TRI-ML / packnet-sfm

TRI-ML Monocular Depth Estimation Repository
https://tri-ml.github.io/packnet-sfm/
MIT License
1.24k stars 243 forks source link

Training of VelSupModel #91

Closed surfii3z closed 3 years ago

surfii3z commented 3 years ago

Hi all,

tl;dr Do we need to provide ground truth pose instead of just velocity magnitude in VelSupModel?


I have been experimenting with this repo and was impressed with the depth result.

Now I plan to train the scale-aware depth network on my custom dataset.

I have a question regarding the training of VelSupModel.

From this code,

https://github.com/TRI-ML/packnet-sfm/blob/dfbdc27202075b500577c64d3f0d6c8438b86cfd/packnet_sfm/losses/velocity_loss.py#L10-L42

the velocity loss is calculated by comparing predicted pose from NN and the GT pose, which is different from the paper that calculate from the different of the magnitude of translation and velocity.

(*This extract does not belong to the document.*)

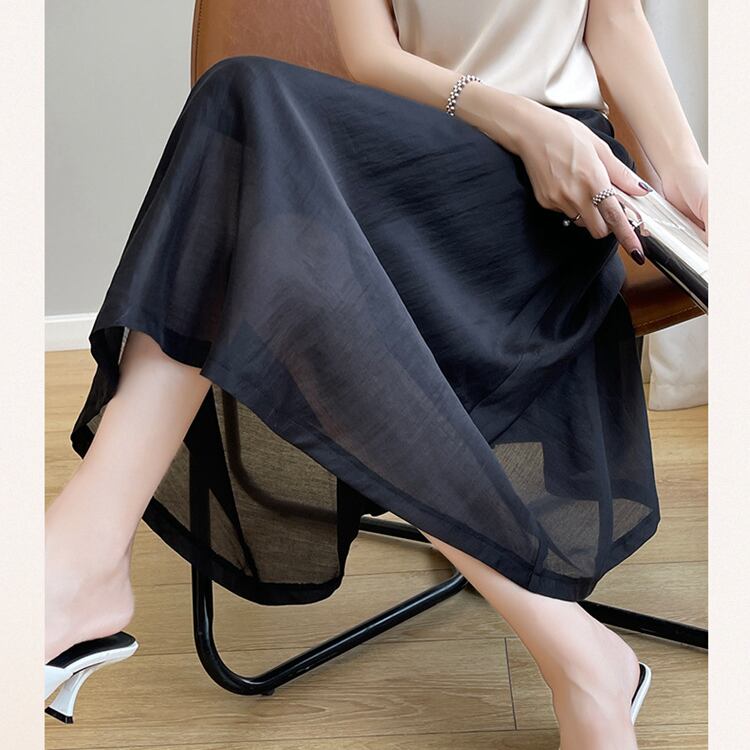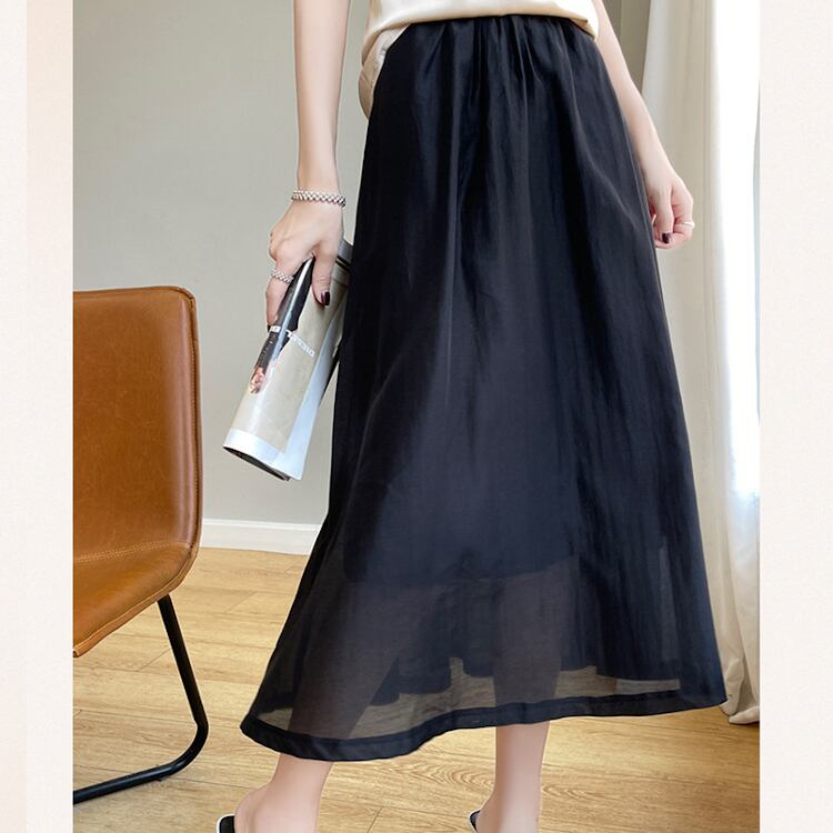 レディース スカート ボトムス ミモレ フレア Aライン フェミニン ポケット ハイウエスト ウエストゴム 透け感 大人可愛い きれいめ シンプル 上品 おしゃれ こなれ感 エレガント 存在感 ロマンティック 涼しげ 軽やか 爽やか 色気 シック 無地 春 夏 デート お出かけ パーティー イベント 旅行 レストラン 女子会 休日 コンパ お呼ばれ オケージョン 脚長 モテ 清楚 M L XL 2XL 大きいサイズ 白 ホワイト 黒 ブラック グレー ベージュ シルバー 光沢 ベーシックカラー 大人カラー

Have anyone try to train this VelSupModel? If so, what information you used for the supervision?

VitorGuizilini-TRI commented 3 years ago

Hi, thank you for the interest in our repository! You don't need to provide ground-truth pose, only instantaneous velocity. We provide the full 4x4 matrix because that is available, but we don't use it. Our pred_trans and gt_trans only take the last column, which contains translation, and that's what is being used to calculate the loss.

surfii3z commented 3 years ago

Thanks for your reply. I totally miss that part.